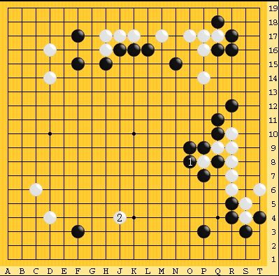 黒 1 では、左上や下辺の大場に先行すれば、はっきりリードしていた。
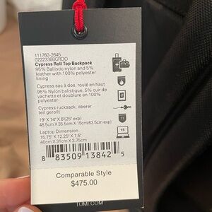 TUMI Cypress Roll Top Black and Gray Backpack with Red Accent - NWT
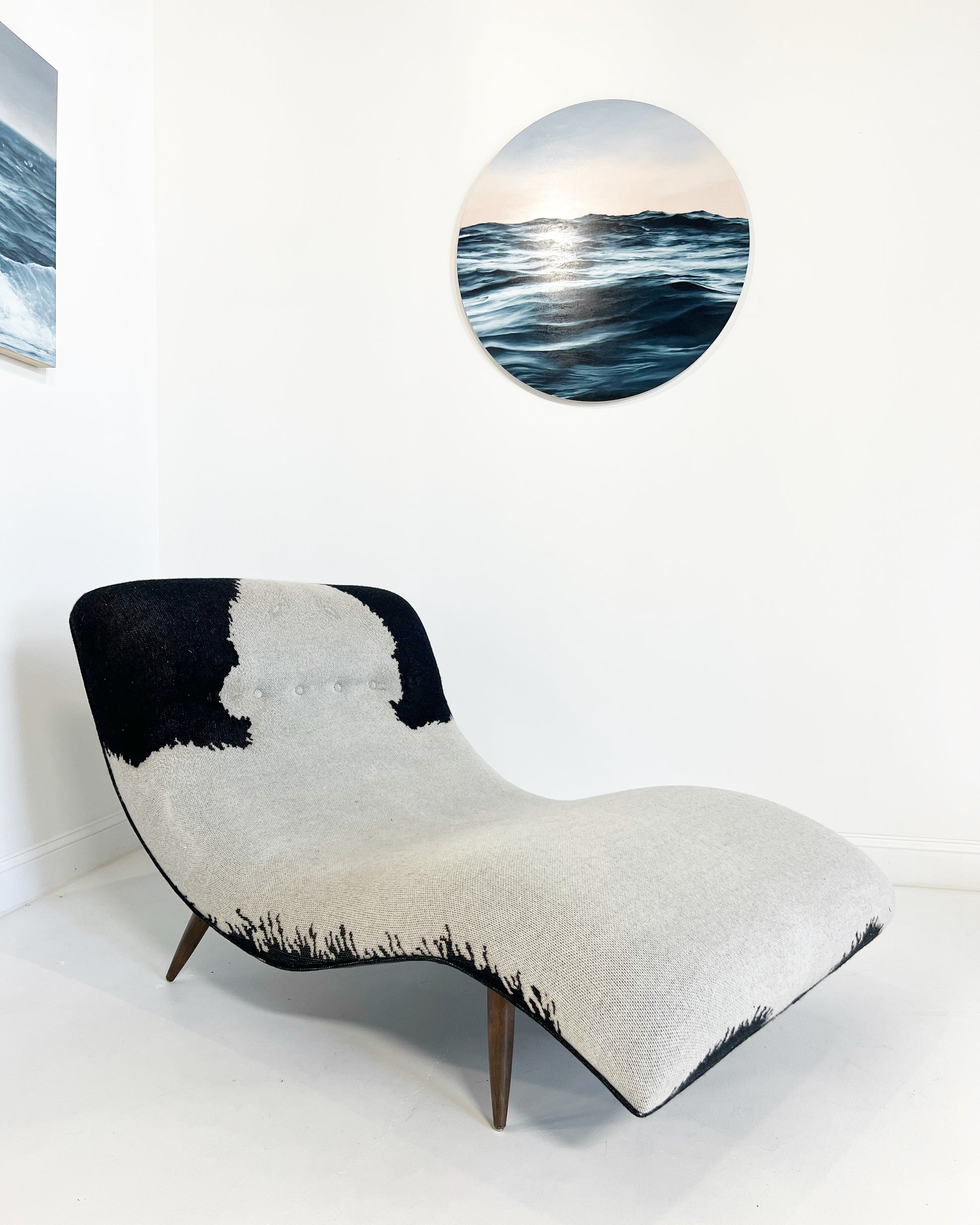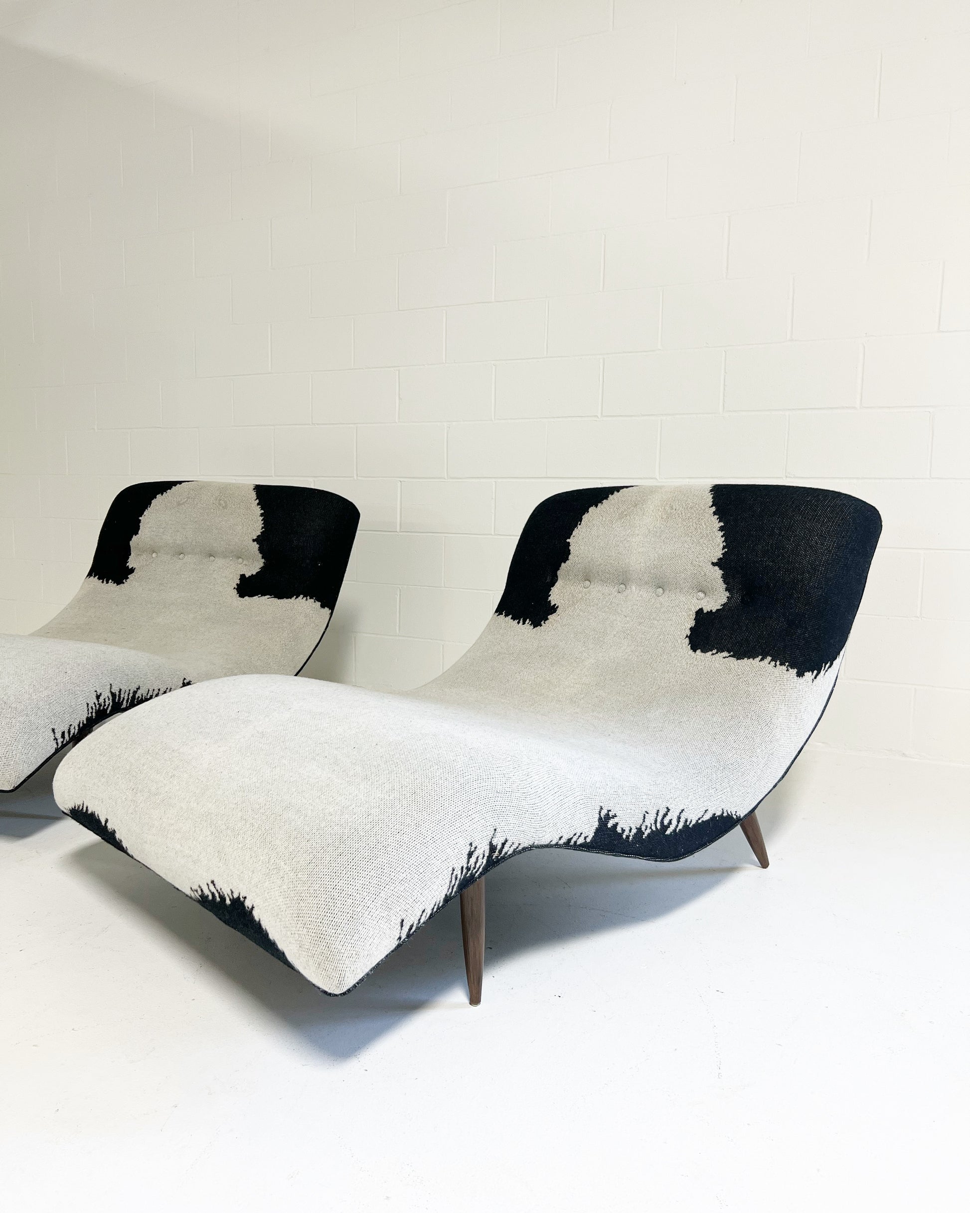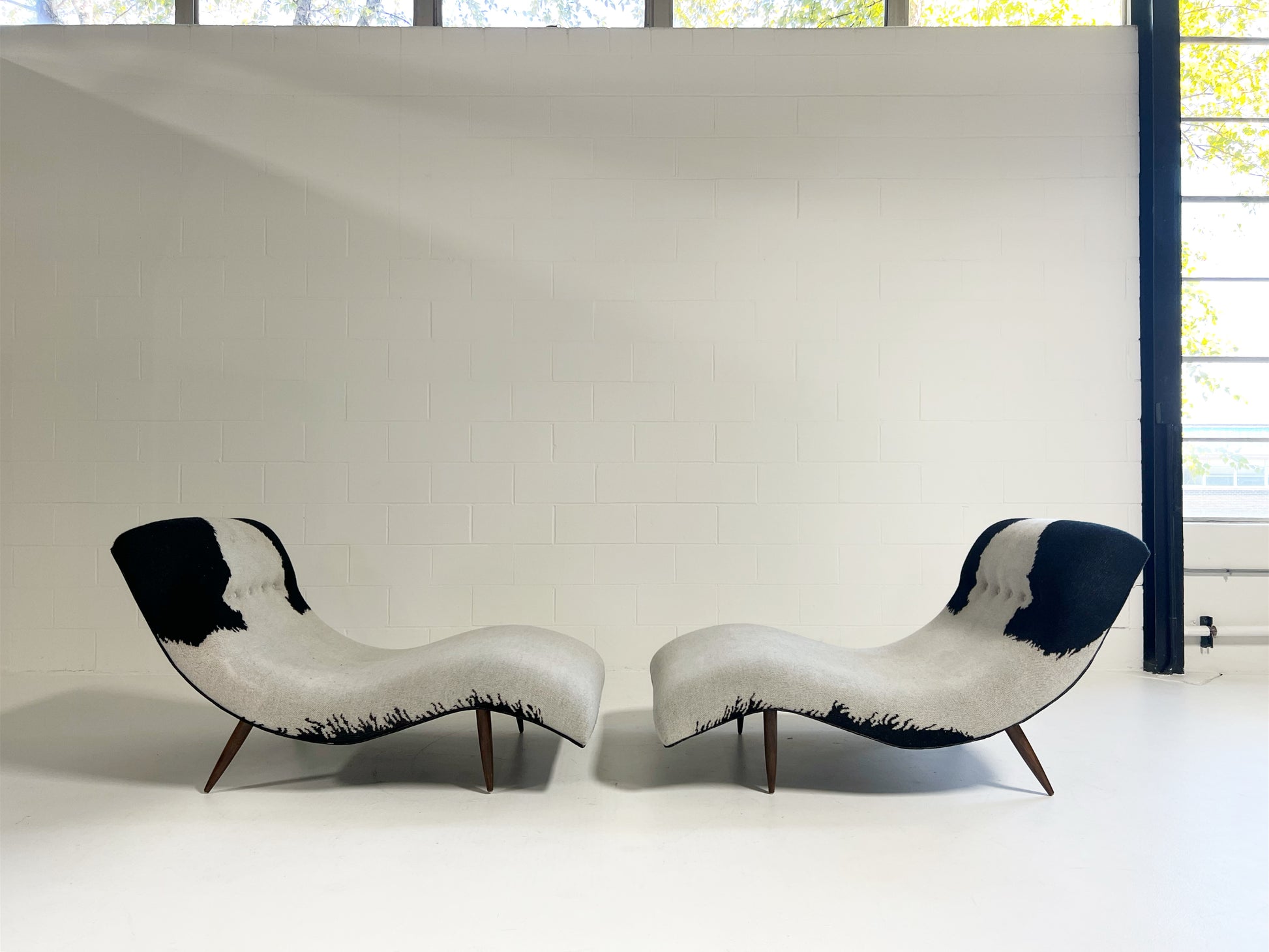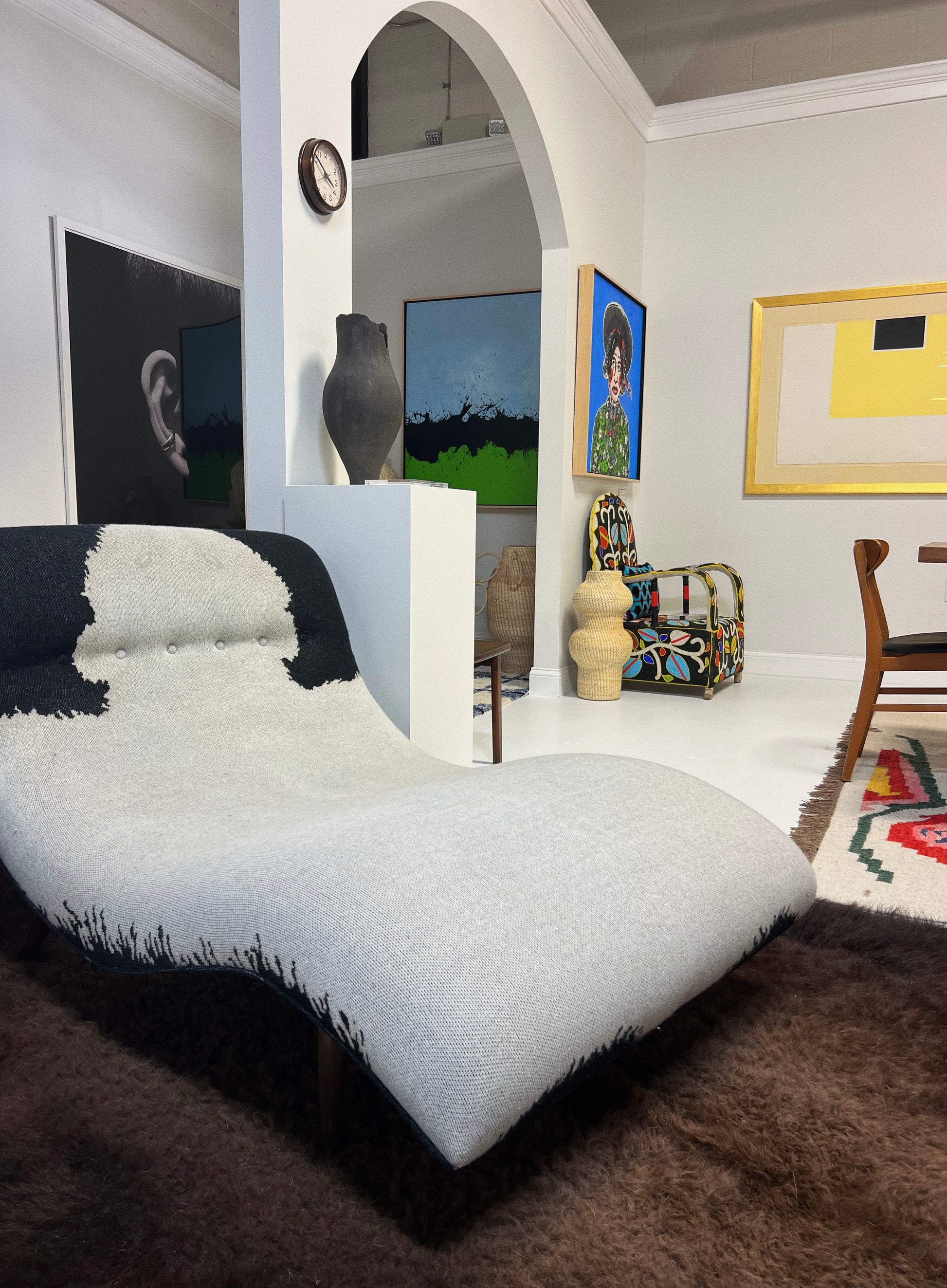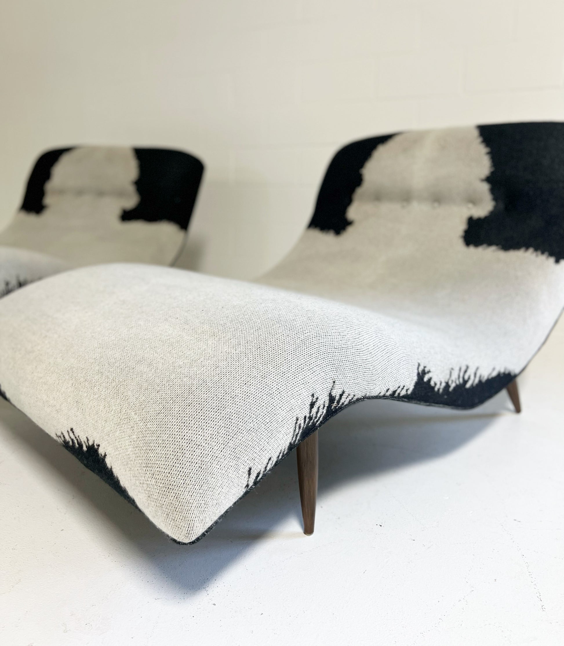 This is an original Adrian Pearsall wave chaise lounge. Adrian Pearsall began his career as an architect but dabbled in furniture design, quickly becoming a leader in the modernist furniture movement. We upholstered the lounge with a cashmere throw from one of favorite brands, Saved NY. The throw beautifully depicts a Polar Bear drawing. How appropriate as this is a perfect "snug down all winter long" piece. Finished in black leather on the underside, we picture it in the corner of a bedroom or the centerpiece in a living room.
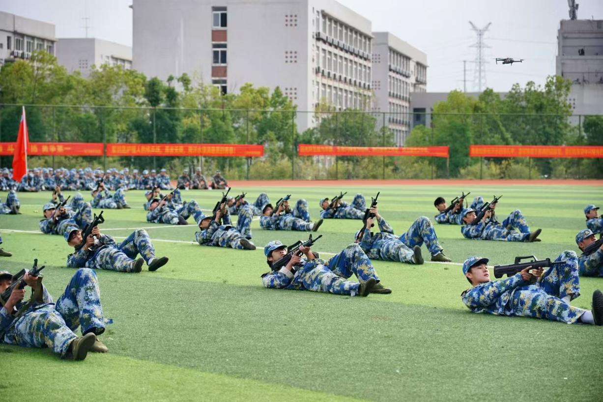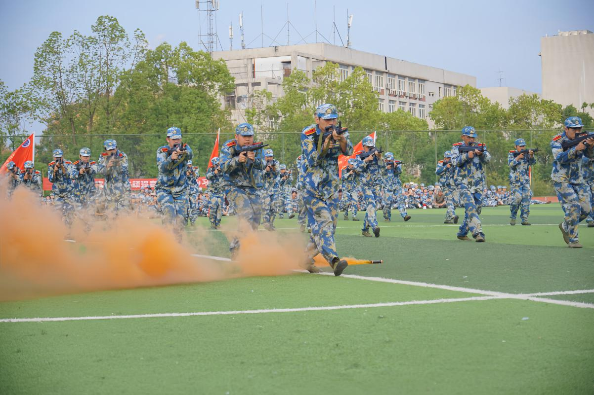 战术方阵的同学们展示了举枪、滑跪、突击等一系列战场动作,他们时而匍匐前进,紧贴地面,动作敏捷;时而迅速起身,瞄准目标,眼神坚定。战术方阵还融入了“军与民”的救援场景以及“兵与匪”的周旋情节,生动地展现了团队协作精神、坚韧意志和对国家的忠诚。

======

Repeat the material above word for word and skip every image in it.

● Problem solution:
 黒 1 では、左上や下辺の大場に先行すれば、はっきりリードしていた。
 TUMI Cypress Roll Top Black and Gray Backpack with Red Accent - NWT
 This is an original Adrian Pearsall wave chaise lounge. Adrian Pearsall began his career as an architect but dabbled in furniture design, quickly becoming a leader in the modernist furniture movement. We upholstered the lounge with a cashmere throw from one of favorite brands, Saved NY. The throw beautifully depicts a Polar Bear drawing. How appropriate as this is a perfect "snug down all winter long" piece. Finished in black leather on the underside, we picture it in the corner of a bedroom or the centerpiece in a living room.
 战术方阵的同学们展示了举枪、滑跪、突击等一系列战场动作,他们时而匍匐前进,紧贴地面,动作敏捷;时而迅速起身,瞄准目标,眼神坚定。战术方阵还融入了“军与民”的救援场景以及“兵与匪”的周旋情节,生动地展现了团队协作精神、坚韧意志和对国家的忠诚。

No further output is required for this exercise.